On 4/4/2012 4:37 PM, Mark wrote:
> Hello
>
> I'm trying to find a way create a hash value over multiple IP addresses (I
> keep a list of IP addresses and its number is variable. The simplest method
> I've found so far is (obviously not the most effective and collision free):
>
> unsigned long hash_ipaddr(struct in_addr *addr)
> {
> unsigned long res;
>
> if (addr == NULL)
> return 0UL;
>
> res = (((addr->s_addr>> 24)& 0xff) * 256) + \
> (((addr->s_addr>> 16)& 0xff) * 256) + \
> (((addr->s_addr>> 8)& 0xff)* 256) + \
> (addr->s_addr& 0xff);
(Idle question: Why the backslashes?)
> return res;
Briefly, this calculation takes four chunks of the address
as numbers between 0..255 and adds them to produce a sum 0..1020.
So: You start with 32 bits of information and squash them down to
a smidgen less than 10 bits -- with a moderate central tendencey,
too. Ponder, young one: Wise this is?
> }
>
> And then sum up hashes for every IP and store it.
Not sure what you mean by this. A given IP produces one and
only one hash value with this scheme (or any other sane scheme),
so what do you mean by "sum up the hashes?"
> Can somebody suggest some better approach for my task?
You haven't explained what your task is, so I'll have to guess.
If the objective is to use a hash table keyed on IP addresses, there
are two likely possibilities:
- The number of buckets in the table is a prime number (or at
the very least an odd number): Just take `*addr % N', and the
outcome is very likely to be better, especially if N > 1020.

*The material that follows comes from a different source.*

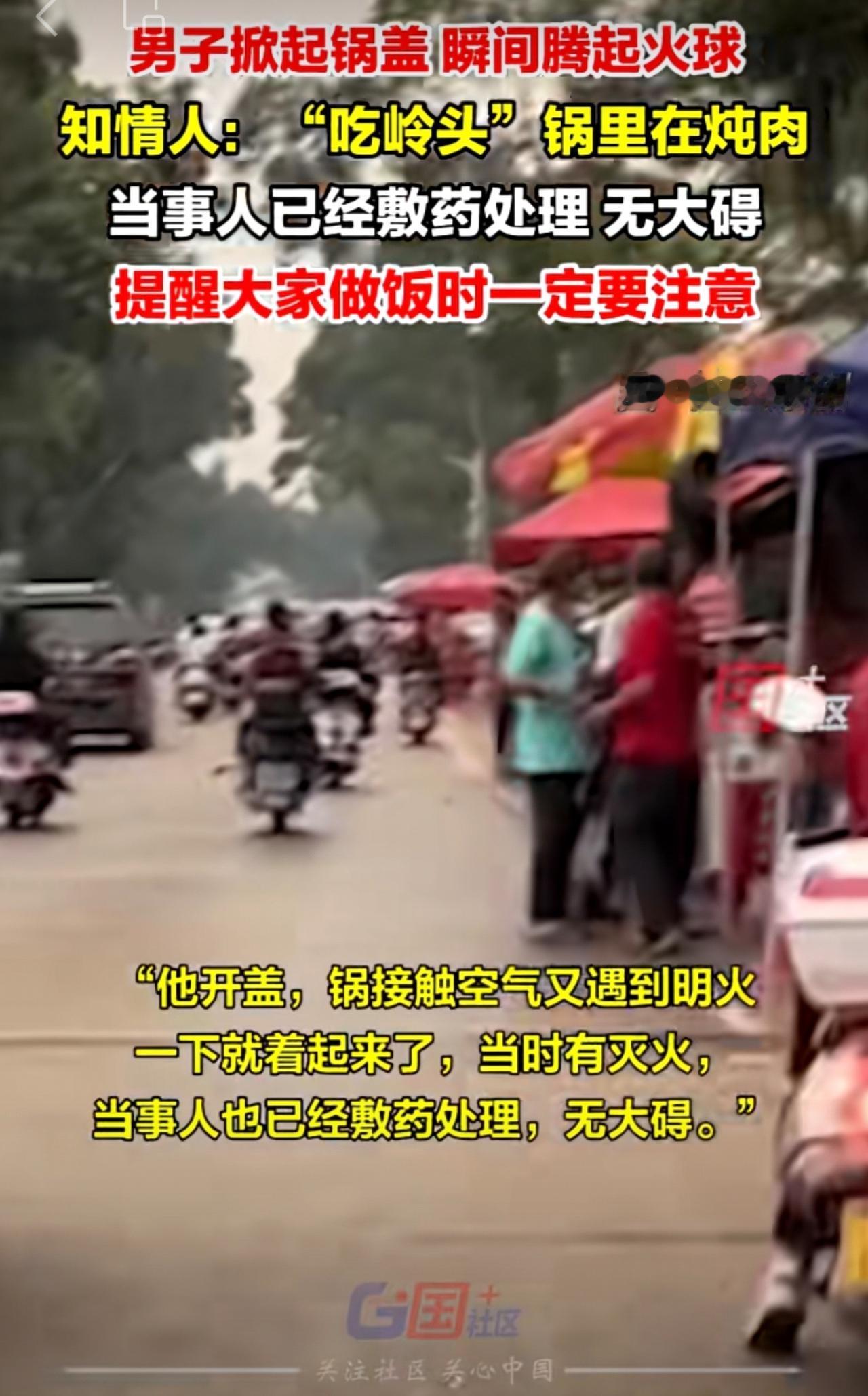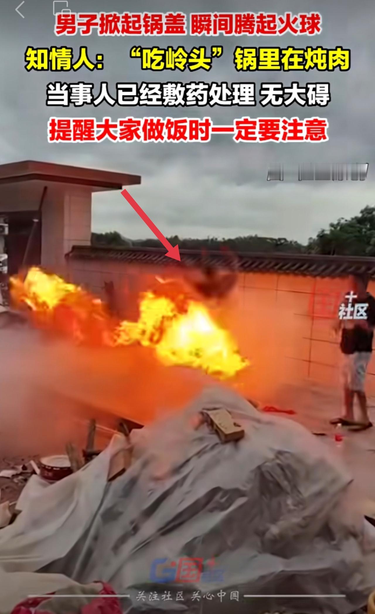 10月5日(发布时间),广西钦州。男子掀起锅盖,瞬间被火包围,腿被伤。知情人:他一开盖,锅内接触空气又遇到明火一下就着起来了。提醒大家,做饭时一定要小心操作,防止锅内起火。

The remainder after division by a prime is likely to break up
simple patterns.
- The number of buckets is a power of two. Now `*addr % N' would
just throw away the high-order bits -- which might not be Bad,
but could easily be Less Than Good if there are patterns in the
input keys. One possibility is to use `f(*addr) % N', where f()
is a suitable "scrambling" function: For example, implement a
two-line linear congruential pseudo-random number generator, seed
it with `*addr', and take its output as f().
For further ideas, see TAOCP volume III.
--
Eric Sosman
eso...@ieee-dot-org.invalid